DIRECTIONS FOR THIS TASK => Look through the data below and output, unchanged, every line from the one holding "Eclat Skin London" through the one holding "Q: What is included", inclusive. Skip the pictures.

PROVIDED RECORDS =>
□ □ □

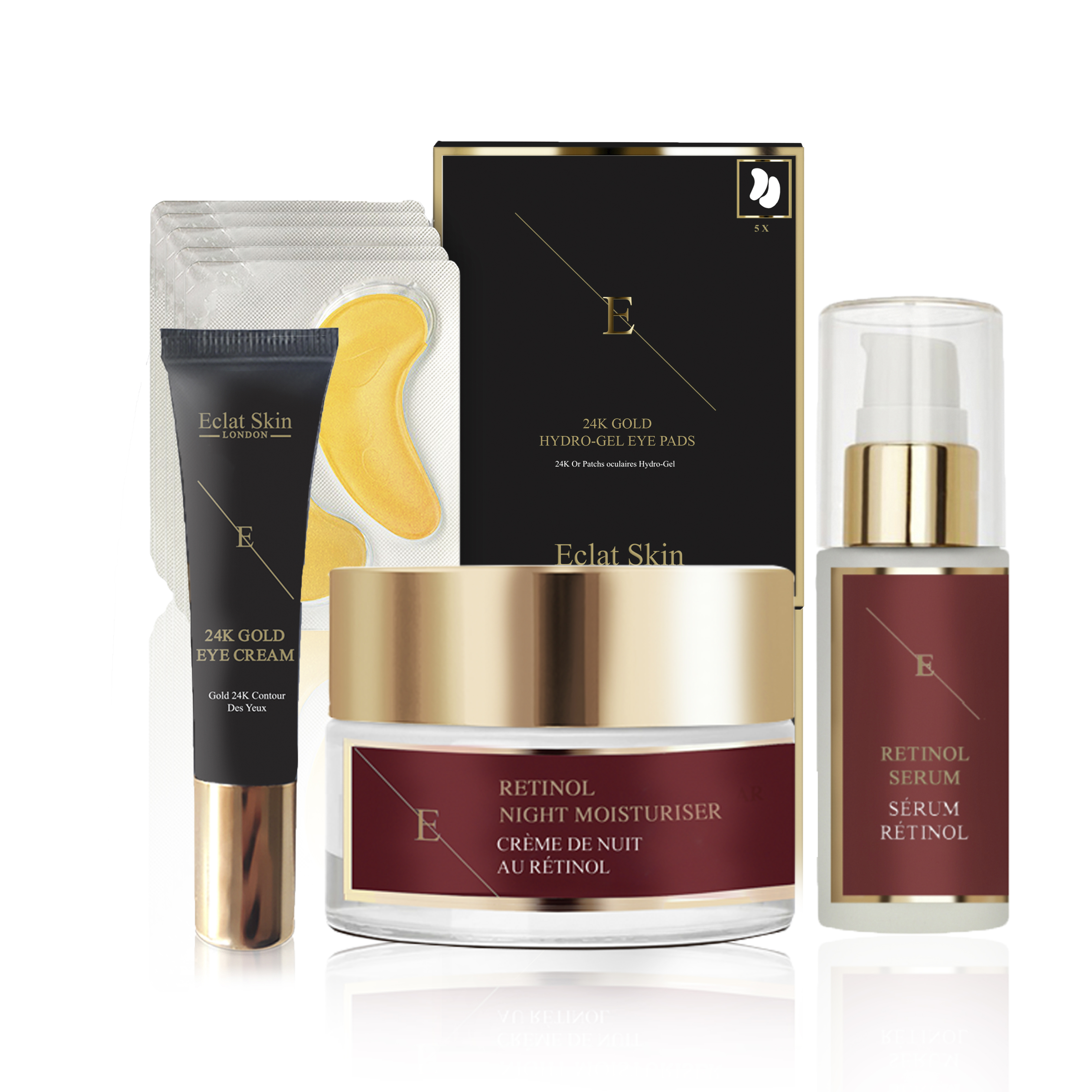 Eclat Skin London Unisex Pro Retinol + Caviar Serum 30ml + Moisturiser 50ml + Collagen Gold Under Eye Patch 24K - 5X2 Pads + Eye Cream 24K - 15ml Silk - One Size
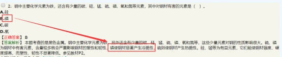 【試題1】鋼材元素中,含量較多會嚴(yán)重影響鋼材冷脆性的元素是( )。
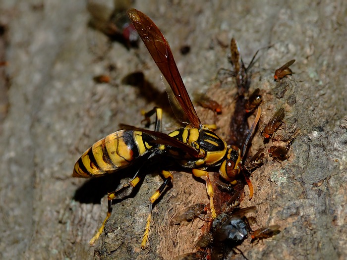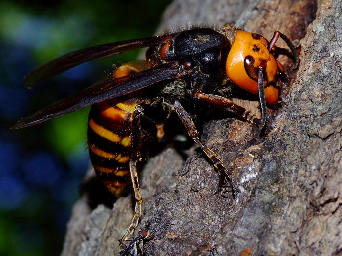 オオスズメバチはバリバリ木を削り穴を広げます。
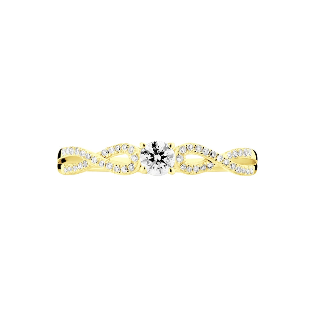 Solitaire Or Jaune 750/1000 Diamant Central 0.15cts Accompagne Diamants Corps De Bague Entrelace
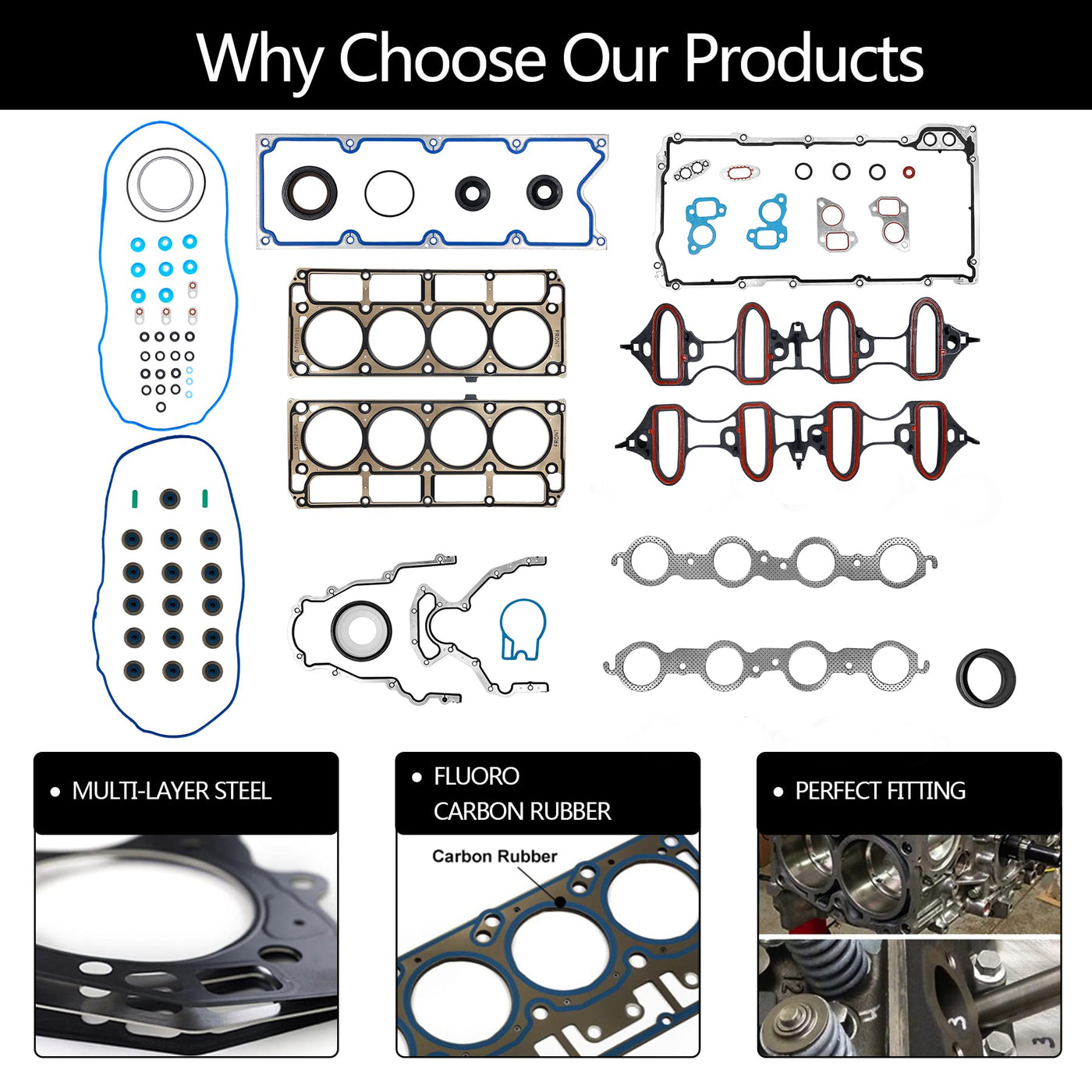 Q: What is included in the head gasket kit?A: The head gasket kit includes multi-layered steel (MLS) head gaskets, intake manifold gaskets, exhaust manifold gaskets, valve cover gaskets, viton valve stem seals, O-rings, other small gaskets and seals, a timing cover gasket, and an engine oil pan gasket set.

□ □ □

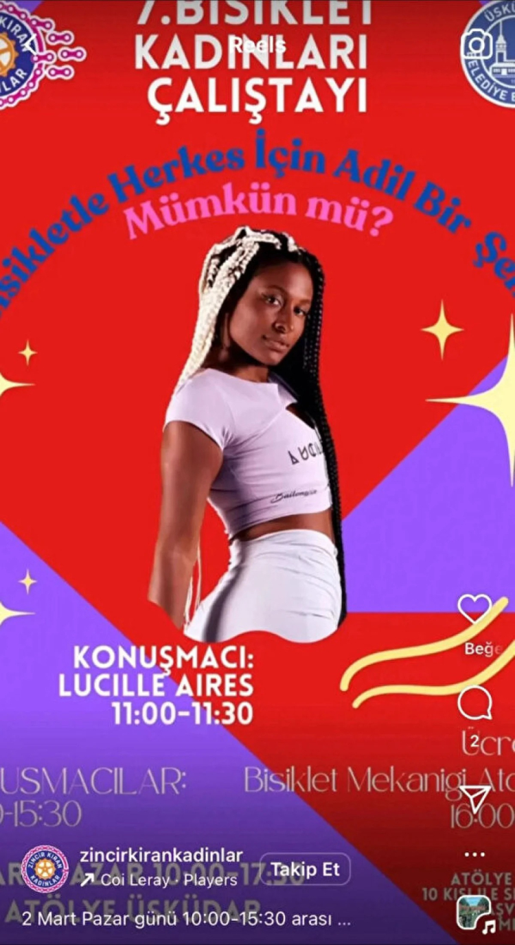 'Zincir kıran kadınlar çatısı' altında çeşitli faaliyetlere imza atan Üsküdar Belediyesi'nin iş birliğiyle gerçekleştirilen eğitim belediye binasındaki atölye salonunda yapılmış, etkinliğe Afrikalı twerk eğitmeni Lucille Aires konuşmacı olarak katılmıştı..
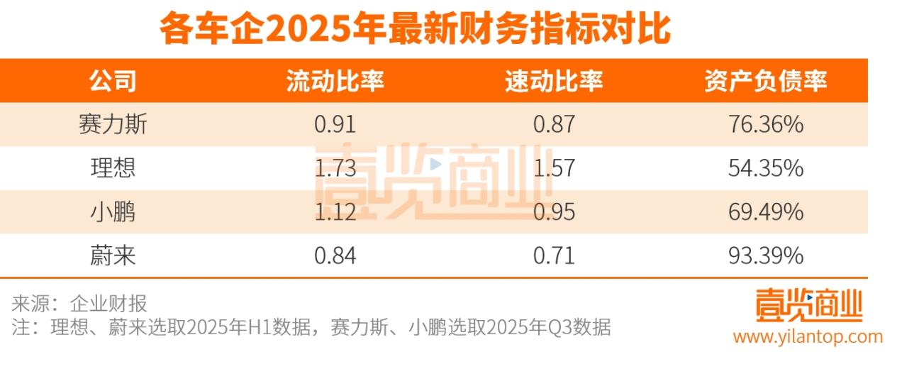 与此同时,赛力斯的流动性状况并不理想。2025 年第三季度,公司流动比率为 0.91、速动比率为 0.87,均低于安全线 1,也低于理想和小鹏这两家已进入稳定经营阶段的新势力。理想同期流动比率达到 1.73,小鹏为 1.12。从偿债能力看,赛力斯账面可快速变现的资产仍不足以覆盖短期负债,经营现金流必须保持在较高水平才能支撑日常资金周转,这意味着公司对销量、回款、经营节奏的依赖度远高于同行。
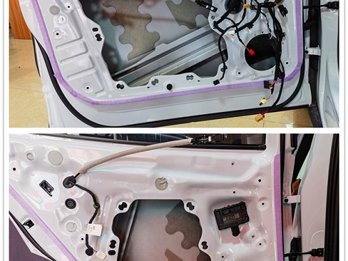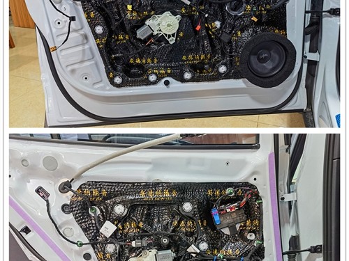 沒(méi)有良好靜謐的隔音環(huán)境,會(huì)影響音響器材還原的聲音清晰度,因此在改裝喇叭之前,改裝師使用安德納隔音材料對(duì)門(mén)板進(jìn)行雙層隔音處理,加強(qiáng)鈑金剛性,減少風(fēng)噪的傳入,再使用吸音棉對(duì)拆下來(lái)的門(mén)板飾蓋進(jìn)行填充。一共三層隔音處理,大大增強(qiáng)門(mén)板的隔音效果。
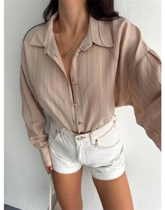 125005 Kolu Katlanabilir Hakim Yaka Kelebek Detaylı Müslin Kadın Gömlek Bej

□ □ □

SOLVED PROBLEM =>
 Eclat Skin London Unisex Pro Retinol + Caviar Serum 30ml + Moisturiser 50ml + Collagen Gold Under Eye Patch 24K - 5X2 Pads + Eye Cream 24K - 15ml Silk - One Size
 【試題1】鋼材元素中,含量較多會嚴(yán)重影響鋼材冷脆性的元素是( )。
 オオスズメバチはバリバリ木を削り穴を広げます。
 Solitaire Or Jaune 750/1000 Diamant Central 0.15cts Accompagne Diamants Corps De Bague Entrelace
 Q: What is included in the head gasket kit?A: The head gasket kit includes multi-layered steel (MLS) head gaskets, intake manifold gaskets, exhaust manifold gaskets, valve cover gaskets, viton valve stem seals, O-rings, other small gaskets and seals, a timing cover gasket, and an engine oil pan gasket set.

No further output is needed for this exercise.